Он не был диалектиком, не был философом, не был поэтом. Он был лётчиком-испытателем тридцати с лишком лет, без обеих ног, без жены, оставившей его со слезами сочувствия, зато при нескольких ослепительных орденах, о которых поговаривали, что их чистит зубным порошком его соседка. И не соседка, конечно, а сердобольная племянница, хотя и не живёт в его квартире, а только приходит – ордена приходит чистить зубным порошком. Красивый, как из Сопота, он прикатывал к магазину раньше всех. Благоухание «Северного сияния» окутывало его сухощавое голубоглазое лицо. После того, как он лишился ног и юной жены (фотография всегда при нём), Небесный Тихоход со временем обрёл верную компанию в лице своего в некотором роде собрата Ариэля (какже, какже: имена суть производные вещей!) и прочих. Наш падший ангел обладал весьма замкнутым нравом, и потому лишь сын философа иной раз был в силах растопить лёд его ожесточённого безмолвия.
Снисходя милосердно к Небесному Тихоходу, который, видно по всему, неустанно мучился трансцендентальной тайной случившихся с ним метаморфоз, Ариэль всякий раз вскакивал и, заикаясь, кричал ему, подбегая сзади или сбоку:
– Т-т-т-упица! – вырывал беспощадно Ариэль из горла корни согласных. – Вм-мы – вместо того, чтоб приблизится к н-н-н-н-небу, раствориться т-т-там, ты к-к-как бельмо на глазу у всех. Т-ты зачем т-т-тут болтаешься без двух ног? Форменный инвалид, н-н-н-и-и-кудышный калека. Авиатор!!!
Авиатор приоткрывал глаза и смотрел спокойно на Ариэля, суетившегося перед ним, наподобие обезьянки, испуганной болезнью своего хозяина или собрата, не трогающего уже второй день корку от банана. На глаза Небесного Тихохода наворачивался туман, и он запускал в боковой карман руку, вытаскивая оттуда неизменную трёху. А ещё один, Вера Фёдоровна Комиссаржевская, был гомосексуалистом-фантазёром. Сердце его было открыто для каждого. Женщины в нём души не чаяли. Они открывали ему самые заповедные тайны изболевшихся душ в обмен на слова участия, которыми он оделял их, словами и вздохами и вечным припевом: «Да, да, я это очень хорошо понимаю…» И Вере Фёдоровне казалось, что его любят все. Он воображал, что…
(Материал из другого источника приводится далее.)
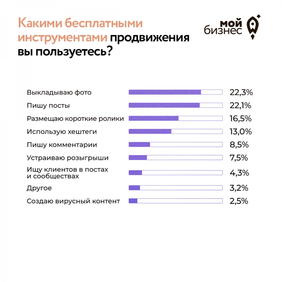 Минэкономразвития России и Ассоциация «Мой бизнес — мои возможности» совместно осуществили исследование под названием «Продвижение компаний через социальные медиа». Более 4 тыс. малых и средних предприятий приняли участие в опросе, который был проведён онлайн.

Да мало ли что он воображал! Каждый из нас может вообразить, что угодно. Безногий лётчик после пятого стакана, к примеру, воображал, что у него отросли ноги, и тогда он, как бешеный, начинал работать рычагами коляски, полученной им, как поговаривали, взамен на машину и позволение пить здесь, у Михаила Самуэлевича, – и всё та же паскудная племянница! – поговаривали, наблюдая ставшую привычной, но по-прежнему поразительную картину временного помрачения.